He hesitated, then snapped the compact shut and tossed it to her. She caught it one-handed, without looking. “I may forgive you,” she said, “if you bring me food, right now. And coffee,” she added, with a catch in her voice. “You know how long it’s been since I tasted coffee?”
So he went to the kitchen, where he found Call-me-Bill busy at the stove.
“Potato dauphinoise,” he said. “How’s it going?”
Theo hesitated. Of course, he’d get all the news from Matasuntha soon enough. “Hopeful signs,” he said.
“Great.” Call-me-Bill poured cream into the pan from a large jug. “How hopeful?”
“Cautious optimism.”
“That could mean anything,” Call-me-Bill said. “Like, if it wasn’t for cautious optimism, I wouldn’t bother getting out of bed in the morning.”
Theo opened some cupboards until he found a tin of corned beef, which he opened and turned out on to a plate. “Any coffee going?”
Call-me-Bill nodded at a pot on the stove. “Oh, there was a phone call for you. I took a message.”
“Who from?”
“I think he said his name was Captain Zod.”
There was a crash as the plate hit the floor. “Captain—”
“Zod. That’s an Albanian name, isn’t it?”
Theo stooped, gathered up the corned beef with his fingers and stuck it in his pocket. Then he grabbed the coffee pot and ran out to Reception. On the desk was a little yellow sticky: Captain Zod, and a number.
He called the number. It rang and rang.
“What kept you?” she demanded, as he returned breathless to his room. “I was just about to start gnawing the edge of the desk.”
He fished the corned beef out of his pocket. It had crumbled into three clods, which had acquired a surface coating of grime and bits of fluff. She didn’t seem to mind. “Is that coffee?” she asked with her mouth full.
“Yes. Damn, I didn’t bring a cup.”
“No matter.” She grabbed the pot, put the spout in her mouth and tipped her head back. After a long interval of glugging she sighed and wiped her mouth and chin with her wrist. “I think,” she said, “I’ll be all right now. It was close, but—” She stopped, and frowned. “Who are you calling?”

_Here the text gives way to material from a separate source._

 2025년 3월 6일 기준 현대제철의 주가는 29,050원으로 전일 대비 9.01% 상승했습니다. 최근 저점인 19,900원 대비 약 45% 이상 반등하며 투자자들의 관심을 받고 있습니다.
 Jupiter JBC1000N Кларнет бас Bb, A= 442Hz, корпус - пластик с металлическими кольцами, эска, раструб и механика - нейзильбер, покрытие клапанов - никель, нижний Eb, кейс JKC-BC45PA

Theo had the phone to his ear. It rang and rang. After fifty-six rings, he gave up.
“Well?”
He sighed and perched on the edge of the desk. “When I was a kid,” he said, “about ten years old, my brother was eleven, we were nuts about Star Trek.”
“Not to worry,” she said. “You grew out of it, that’s the main thing.”

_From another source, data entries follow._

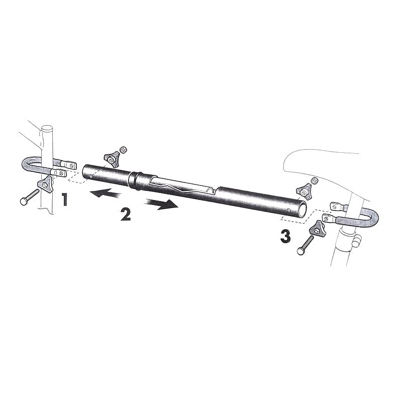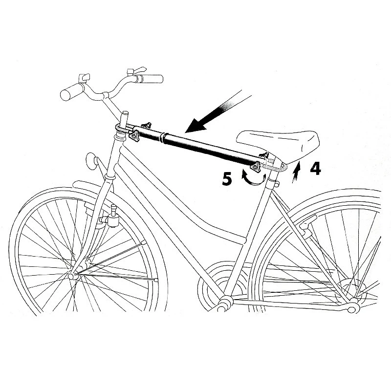 Cette barre adaptatrice pour vélo dame vous permet rapidement et simplement d’installer un vélo de femme sur un porte vélo de voiture. La barre se fixe entre la tige de selle et le guidon.
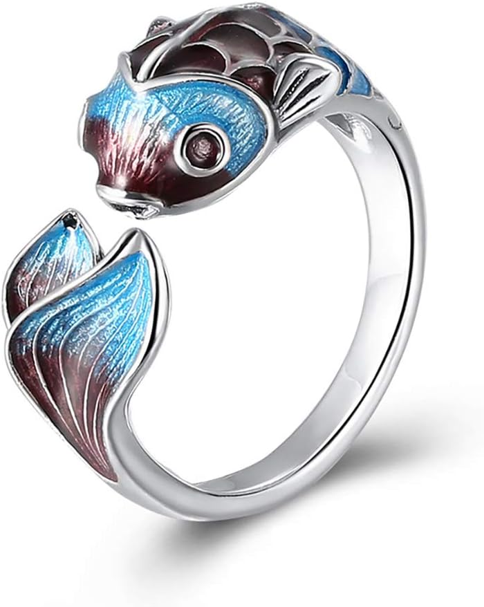 【التصميم】: صناعة مصوغة بطريقة تقليدية تجعل خاتم السمك الأزرق نابض بالحياة وملون. أفضل خيار للارتداء اليومي ومجموعة المجوهرات. إنه ناعم من الداخل ومريح في الارتداء. طلاء مضاد للبهتان يحافظ على بريقه ولمعانه لفترة طويلة.
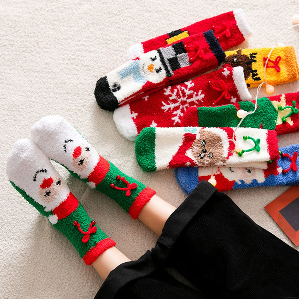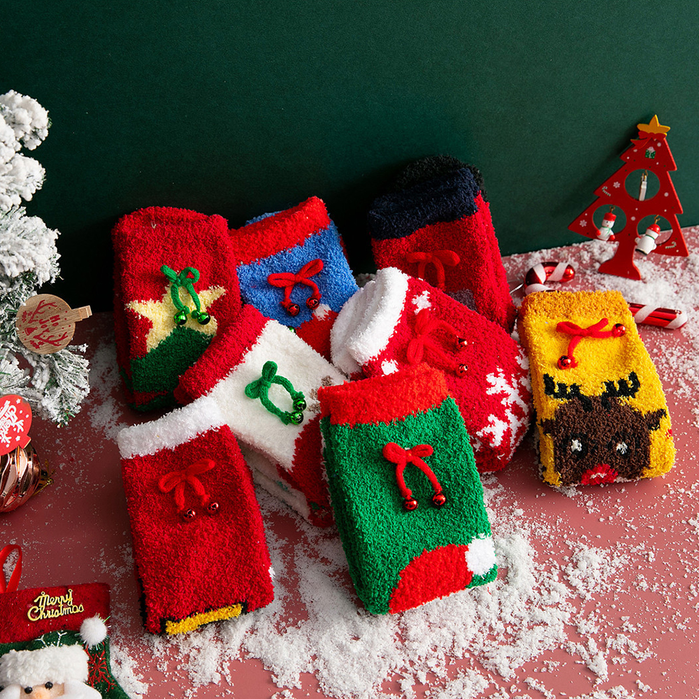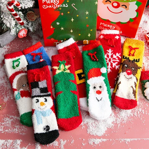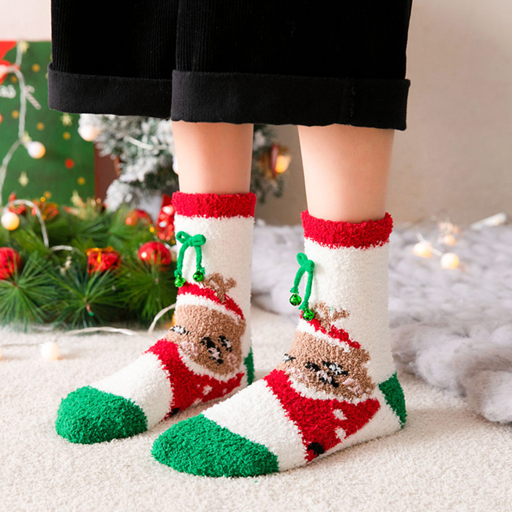 4 pairs Gift Box Coral Fleece Socks Christmas Socks
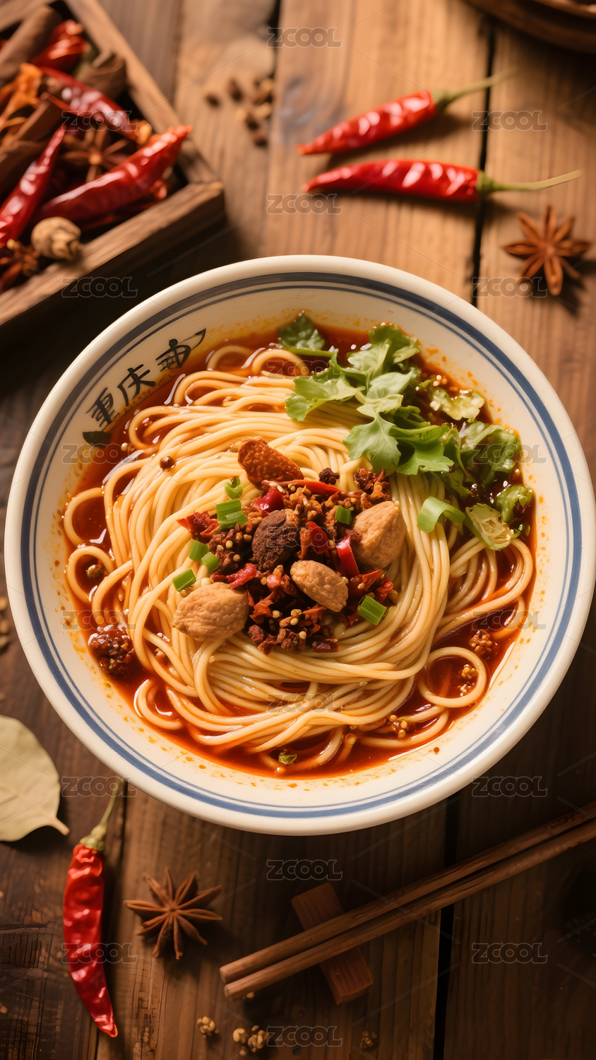 木桌上一碗香辣的红汤牛肉面的竖构图
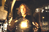 Black Slime The sorcerer Horvath places the Grimhold on top of a fountain filled with CG water, stops the fountain and magically cracks the container open with his cane. Black slime pours out, created as a fluid simulation by One of Us. It rises and grows, with CG fluids composited over the surface to give it the look of an egg sack holding all things evil writhing under the surface. When it finally bursts open and falls, we see Veronica standing there, possessed by Morgana. A new sequence then begins as she begins casting fire over the city from the fountain. Double Negative focused on creating this fiery energy that travels through the streets. A helicopter unit took a collection of aerial views of Manhattan, which the team would composite the fire into, while on the ground, a camera car captured more shots, moving up Broadway and down side streets with a camera strapped to the front and a 20K light to create some interactive lighting as it drove past. Fiery Energy “It was a creative challenge more than anything else. Technically it was all within reach. We needed to establish the look of fiery lines and symbols in the sky that were readable in wide aerial shots as well as close ups where it bounced off satellite dishes. And because it was fiery energy rather than just fire, we wanted to avoid making it look explicitly like fire to help establish the story point that it was something magical that normal eyes wouldn't see – after all, this was the fire that was going to form the magic Pentagon over Manhattan. “We ended up with a fireworks look, very hot, energetic and unstable. Senior FX TD Tim Riley developed a Houdini set up based on particles and sheets of geometry, with a leading fiery ‘head’ made out of combusting energy. Render times were relatively low, making it possible to quickly get a selection of elements into compositing and allow the look to develop further in the comp. This enabled the look of the fiery energy to evolve in the comp without the underlying setup needing to change, and without the need to re-simulate complex fluid dynamics.” They relied again on Squirt, their fire and fluid simulation software. Sequence supervisor Gavin Graham gave a presentation on Squirt at SIGGRAPH this year, just as this film was being released. Spectral Morgana “Nevertheless, she still had to be recognizable as the same character, played by Alice Krige, as earlier in the story with facial detail you could read and defined hands that you could follow. We shot Alice on set, meaning we could base our ‘spectral Morgana’ on complete plates of her real performance, not on character animation. But this also demanded very accurate body tracking, including a cloth rig track to accommodate her long trailing black dress and sleeves, and facial animation tracking, requiring a facial rig. This gave us a fully rigged digital double of Alice doing exactly what the live footage was doing but allowing us to turn her into particles.” In the early concept drawings, Morgana appeared as a hideous witch. But the director and producer had liked Alice Krige’s performance so much that they wanted the team to both give her an otherworldly quality to emphasise her magical powers, while maintaining the readability of her performance. Particle Management But using particles alone didn’t give the character enough complexity and density. When the particles separated, you could see though Morgana. Elements had to be added to the interior. First, a shining, pulsing core was placed in her centre by raytracing against a fluid simulation. Then a swarm of writhing fishlike creatures was created and also set up using the procedural framework of Houdini, to be able to apply it across a large number of shots. 2D Sequence Co-Supervisor Ian Simpson was responsible for putting these various components together, using Shake to composite her into the scene. Interactive LEDs on Morgana’s hands in some of the shots, representing the plasma she was shooting, complicated the work. Depending on the timing of the plasma balls, he had to reconstruct a clean plate through the CG to prevent the blue plasma from interfering with her form. Getting the right balance between swirling and tighter layers of particles, especially on the face, was still a problem, requiring many masks, texture and lighting passes, and she also needed to be scaled in 3D in many shots. Real Physics “These worked out well. We had a ‘cool’ toned light for the fire balls and a hotter blue light for the plasma balls introduced later. Actually, the light on this set was mostly real, which is essential to properly integrating the CG elements, and only needed a little enhancing later. We also discussed working with the fireballs with the actors to make sure the performance and the effects were aiming for the same looks, and because the director continued getting new ideas on set, this sequence became more of a post-vis exercise than previs.” Balthazar’s magical demonstrations are perhaps at their most potent when he scorches a huge fiery circle into the stone floor of the laboratory. On set, the shoot required one of the biggest special effects rigs of the show, using gas plumbing under the floor to form the magic symbols. These could produce fire of any colour and green was chosen. Balthazar stood at the centre, raised his arms and produced a huge rush of flames. Then the scene was shot again without Nick. “It looked quite effective, but needed some embellishment – the rig was smoky and although the flames were bright enough to blow out the frame, they weren’t really tall enough. The team eventually decided to replace the flames with CG but what really helped us was having the interactive lighting already baked into the plates. It was virtually all there for us. “Looking at reference material of oxy-acetylene welding was useful because these flames are hot, flickering, super-bright, and blow out the frame with lens flares and re
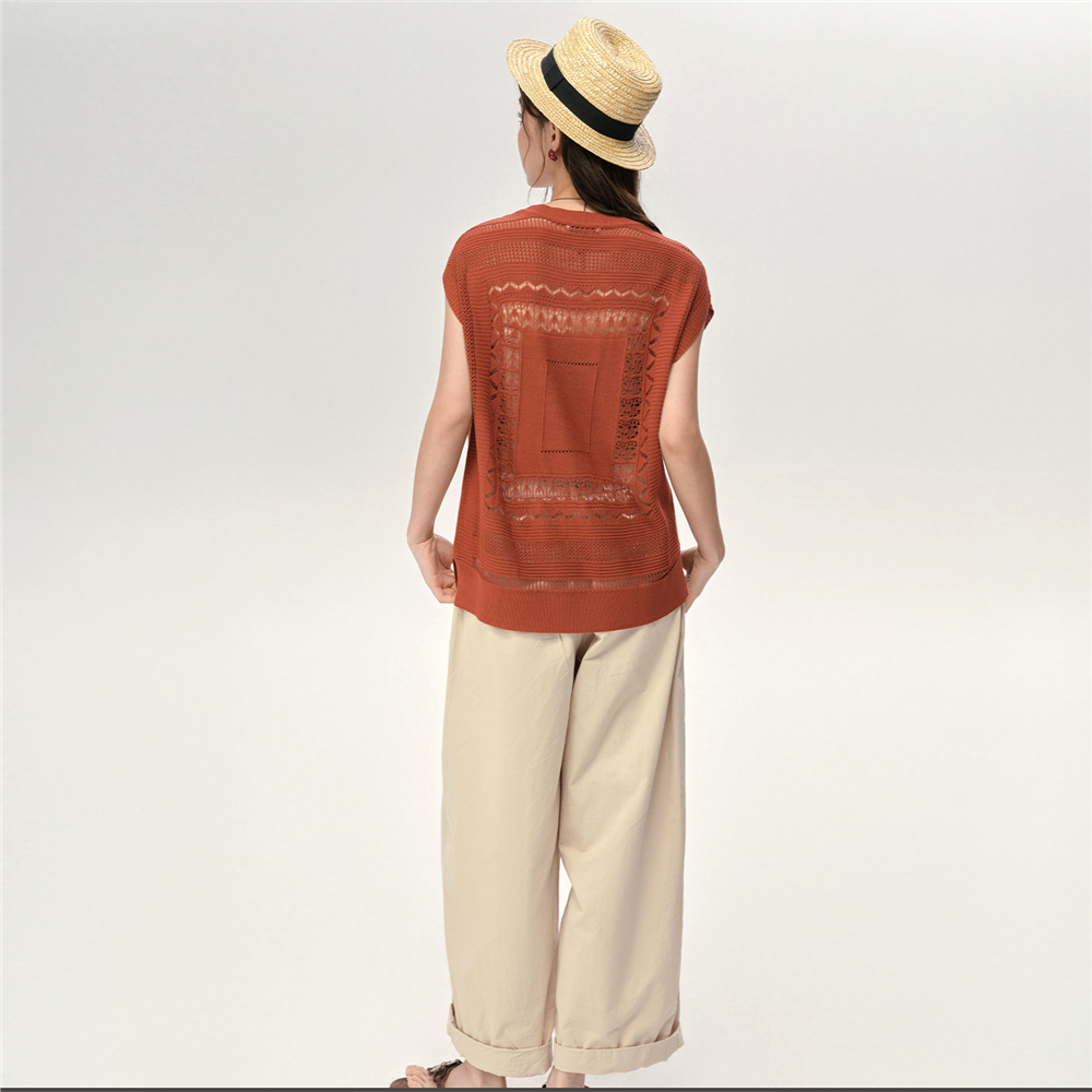 设计师款佐丹奴短袖针织衫女后幅镂空圆领小飞袖针织上衣18355807

“We used to play this game,” Theo went on. “I was Captain Sherman of the Dauntless. My brother Max was Captain Zod of the Fremulan star destroyer Ob.”
“Really?”
“Mphm.” He handed her the yellow sticky. “The thing is, it was a secret. Nobody else knew.”

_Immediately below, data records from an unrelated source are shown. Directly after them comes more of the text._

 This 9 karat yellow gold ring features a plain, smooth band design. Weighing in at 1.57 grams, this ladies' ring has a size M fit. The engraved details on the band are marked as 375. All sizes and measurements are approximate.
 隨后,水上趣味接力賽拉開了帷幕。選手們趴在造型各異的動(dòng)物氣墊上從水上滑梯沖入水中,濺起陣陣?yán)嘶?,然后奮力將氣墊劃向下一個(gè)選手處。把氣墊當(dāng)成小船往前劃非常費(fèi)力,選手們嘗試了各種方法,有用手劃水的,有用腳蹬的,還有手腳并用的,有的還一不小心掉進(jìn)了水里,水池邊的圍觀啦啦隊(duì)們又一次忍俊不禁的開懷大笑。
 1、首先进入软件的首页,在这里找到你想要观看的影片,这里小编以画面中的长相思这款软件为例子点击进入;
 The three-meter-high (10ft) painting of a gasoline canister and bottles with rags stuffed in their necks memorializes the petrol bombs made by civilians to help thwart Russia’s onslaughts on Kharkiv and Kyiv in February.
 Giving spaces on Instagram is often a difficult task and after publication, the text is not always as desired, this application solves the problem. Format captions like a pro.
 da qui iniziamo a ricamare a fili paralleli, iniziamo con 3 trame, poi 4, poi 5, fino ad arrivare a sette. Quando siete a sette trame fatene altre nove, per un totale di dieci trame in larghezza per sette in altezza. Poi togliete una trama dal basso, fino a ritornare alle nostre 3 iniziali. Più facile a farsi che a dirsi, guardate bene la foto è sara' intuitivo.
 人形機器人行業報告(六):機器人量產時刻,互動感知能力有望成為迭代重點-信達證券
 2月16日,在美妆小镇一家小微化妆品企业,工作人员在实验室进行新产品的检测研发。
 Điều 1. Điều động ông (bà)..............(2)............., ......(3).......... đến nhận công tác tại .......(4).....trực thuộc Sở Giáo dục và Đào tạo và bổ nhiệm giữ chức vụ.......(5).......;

She looked at him. “That’s Uncle Bill’s writing.”
“Yup.”
She frowned. “What about your sister? She must’ve known.”
He shook his head. “She hated Star Trek. Star Wars fan.”
“That would explain a great deal. So, not her, then.”
“No.”
“And you tried the number.”
“No reply.”
She took another swig from the coffee pot, then stood up wearily. “Mind out of the way,” she said, elbowing him gently aside so she could sit down at the computer. “Now then.”
“What are you doing?”
“Tracing the call.” She played a piano concerto on the keys, and a screen full of numbers appeared. She glanced down at the yellow sticky and typed. “Uncle Bill has friends in low places. Right, here we are. Your call – oh.”
“What?”
“Came from a payphone in a bar in Caracas,” she said. “Sounds to me like someone’s jerking your chain. You sure it couldn’t be your sister?”
He shook his head. “Thanks for trying.” He sighed, and took her place on the floor. “Why is it,” he said, “I’m never here to take my calls?”
“You ought to get a cellphone,” she replied, tapping keys. “You want the address of the bar?”
“Not particularly.” He played back how he’d said that in his mind, and added, “Thanks for offering, but I don’t think it’d help.”
“He left the number. He wants you to call him back.”
“I doubt it.” He could feel his temper slipping away from him, like the last glimpse of land before it sinks below the horizon. “I think someone’s been to a parallel universe where he’s still alive. He’s got Max to tell him about the Star Trek thing, and now he’s playing mind games with me.”
“Why would anyone—?”
“I don’t know, do I?” The bump and wrench, like a tooth being pulled from an anaesthetised gum, had been his temper finally letting go. He didn’t particularly want to be angry right now, but it seemed he had little choice in the matter. “It’s a hypothesis,” he said. “That’s what scientists do. They think up something that sort of fits the facts, and then they see if they can prove it. If they can be bothered. I’m not sure I can, to be honest.”
“He’s your brother.”
“Was my brother. And you know what? I never liked him much.” He paused. It had never occurred to him to wonder why, until now, when the answer suddenly turned up on his mental doorstep. “He cheated.”
“What?”
“He always cheated,” Theo said. “At everything. Even when we were playing Star Trek. There was a bit where you had to throw a dice, and his always seemed to roll off the table on to the floor, and he’d pick it up and say it was a six before I had a chance to look.” He listened to what he’d just said, and laughed. “Not just that. He cheated at every damn thing, and he still always lost.”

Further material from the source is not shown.